#### What is being asked:
Below are entries with pictures in them. Output exactly the lines starting at the line with "第八步:取出用夹子夹住的头发下面的发束,放入辫子中编织。" and ending at the line with "AI采纳率飙升,试点阶段已成", both included, but not the pictures.

#### Data section:
┄┄┄┄┄┄

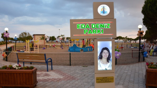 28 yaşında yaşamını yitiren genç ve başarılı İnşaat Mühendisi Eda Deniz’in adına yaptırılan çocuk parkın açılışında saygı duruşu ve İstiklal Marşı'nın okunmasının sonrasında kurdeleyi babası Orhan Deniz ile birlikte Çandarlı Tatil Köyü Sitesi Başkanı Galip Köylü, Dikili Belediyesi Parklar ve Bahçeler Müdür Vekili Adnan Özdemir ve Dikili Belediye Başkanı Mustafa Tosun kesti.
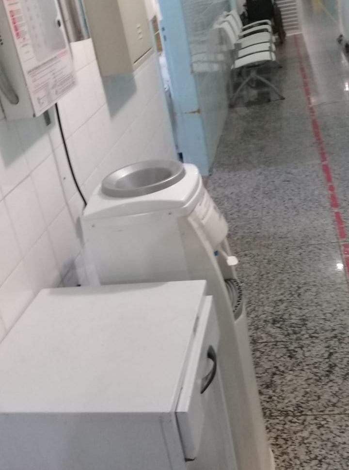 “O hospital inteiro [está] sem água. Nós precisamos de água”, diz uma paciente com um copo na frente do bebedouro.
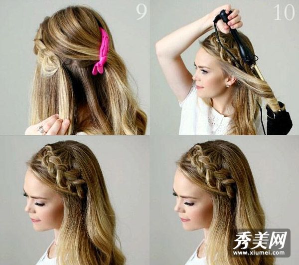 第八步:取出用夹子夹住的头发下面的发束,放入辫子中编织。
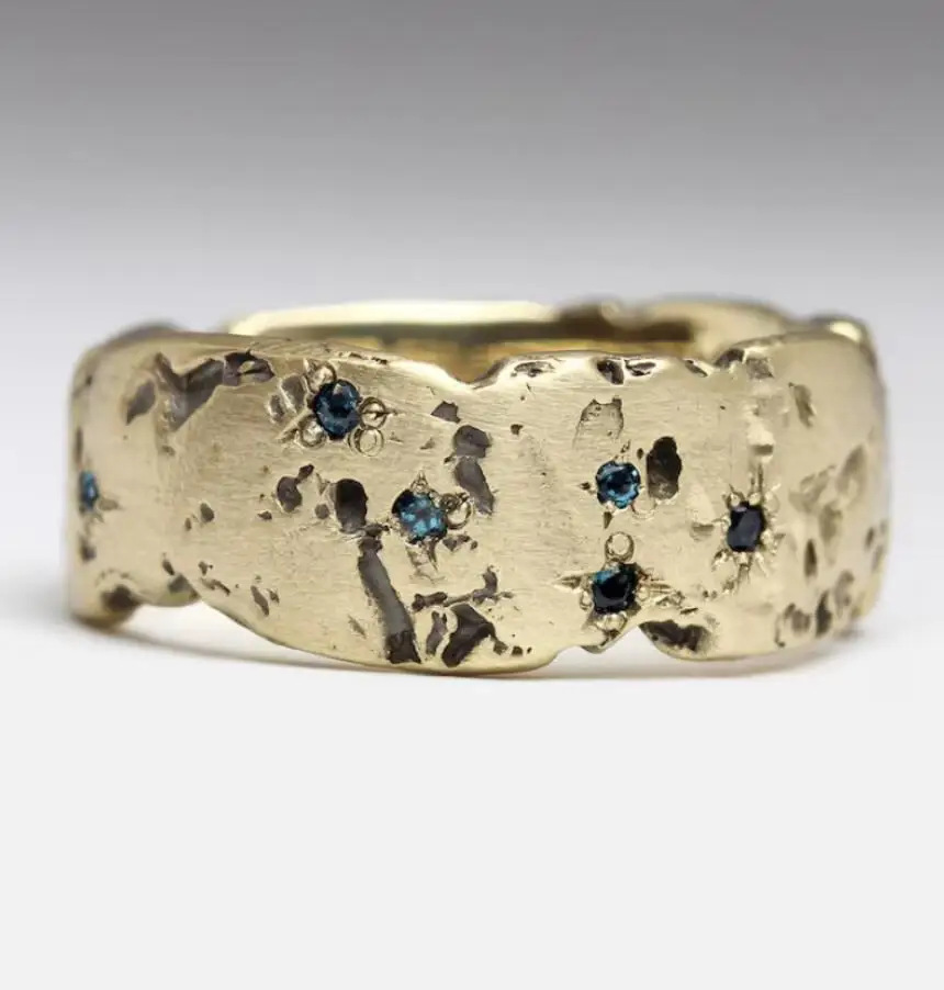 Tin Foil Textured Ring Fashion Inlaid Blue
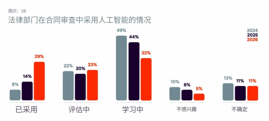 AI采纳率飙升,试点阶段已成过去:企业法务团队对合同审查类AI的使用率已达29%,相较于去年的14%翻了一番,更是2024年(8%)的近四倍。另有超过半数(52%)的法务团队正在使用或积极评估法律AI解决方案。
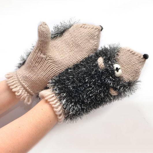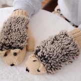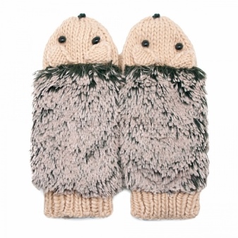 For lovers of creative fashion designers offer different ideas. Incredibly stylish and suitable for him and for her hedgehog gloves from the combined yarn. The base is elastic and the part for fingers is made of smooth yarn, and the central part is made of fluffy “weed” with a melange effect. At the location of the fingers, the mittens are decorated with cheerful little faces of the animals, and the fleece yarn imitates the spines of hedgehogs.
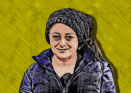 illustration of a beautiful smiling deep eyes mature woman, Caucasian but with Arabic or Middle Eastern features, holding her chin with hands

┄┄┄┄┄┄

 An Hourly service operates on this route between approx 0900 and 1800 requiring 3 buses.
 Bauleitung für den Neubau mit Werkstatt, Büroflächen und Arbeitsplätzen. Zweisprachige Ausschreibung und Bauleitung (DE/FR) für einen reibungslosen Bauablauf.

┄┄┄┄┄┄

#### Answer box:
 第八步:取出用夹子夹住的头发下面的发束,放入辫子中编织。
 Tin Foil Textured Ring Fashion Inlaid Blue
 AI采纳率飙升,试点阶段已成过去:企业法务团队对合同审查类AI的使用率已达29%,相较于去年的14%翻了一番,更是2024年(8%)的近四倍。另有超过半数(52%)的法务团队正在使用或积极评估法律AI解决方案。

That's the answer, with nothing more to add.